Installing Your Ram Pump

Keep weather, erosion and patience in mind when installing a ram pump. You’ll need to make sure the ram pump and pipes can be fully drained before deep freezes or are contained in a weatherproof building. (This can be a concrete tank below the freeze line, but it must be safe from freezing temperatures.) If the water inside the system freezes, it could ruin your pump. To help, make sure you have release valves against the pump on the drive pipe and the delivery pipe, if possible.

Because ram pumps are often located near water, you should also make sure the pump is safe from floods and other severe weather events; you don’t want your hard work washing away. Tie it down to rocks and trees, if need be, and keep in mind, a pump won’t work below water.

Because the ram pump is losing 80 percent or more of the water it uses onto the ground around the pump, enlist gravel and solid rocks to help stabilize the pump if on a slope so it doesn’t erode the ground, or so the pump itself does not slide downhill. Also, this is why the ram is not a good pump in conjunction with city water; it’s very wasteful in that sense.

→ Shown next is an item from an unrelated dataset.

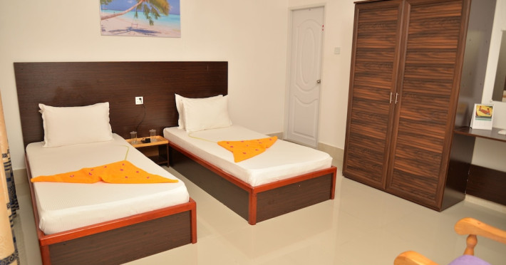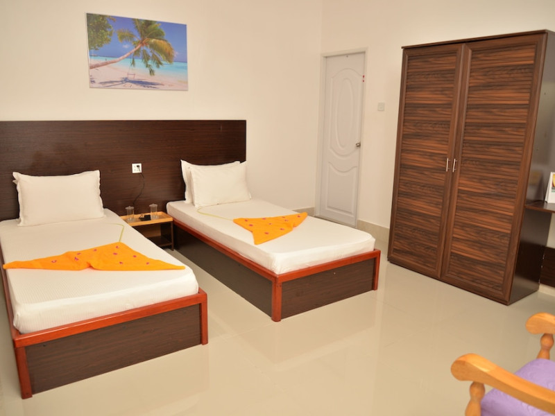 Hotel characteristics: ; 3 rooms Location: A great place to have a rest after long walks around the city. Guest house «Moodhumaa Inn» is located in Guraidhoo (Kaafu Atoll). This guest house is located in the very center of the city. In the morning, have a cup of coffee while looking at the city from the window. You can take a walk and explore the neighbourhood area of the guest house â Kandooma Beach At the guest house: There are other services available for the guests of the guest house. For example, a laundry, ironing and a safe-deposit box

Lastly, you have to have patience. There is a lot of nuance involved with installing a ram pump, so getting it right can be frustrating. Keep in mind that it might not work perfectly right away. Get a good manual, follow the instructions and consider having a friend experienced at plumbing or engineering help you.

How To Use Your Pump

A ram pump is best utilized in conjunction with a large holding tank, so when it’s unable to run—in freezing temperatures or in droughts—the tank can still be full of water. The pump fills the tank slowly, and the tank, positioned at the highest point on the farm, can then gravity feed water to wherever you need it. This water can then be used for irrigation, for watering livestock and, if you have a good, clean spring, for drinking. You’ll need to consider the height of the tank which will determine the pressure. So if you’re hoping to irrigate through sprinklers, for instance, you’ll need a fair bit of water pressure, and thus a large enough pipe and a lot of drop from the tank.

This article originally ran in the March/April 2016 issue of Hobby Farms.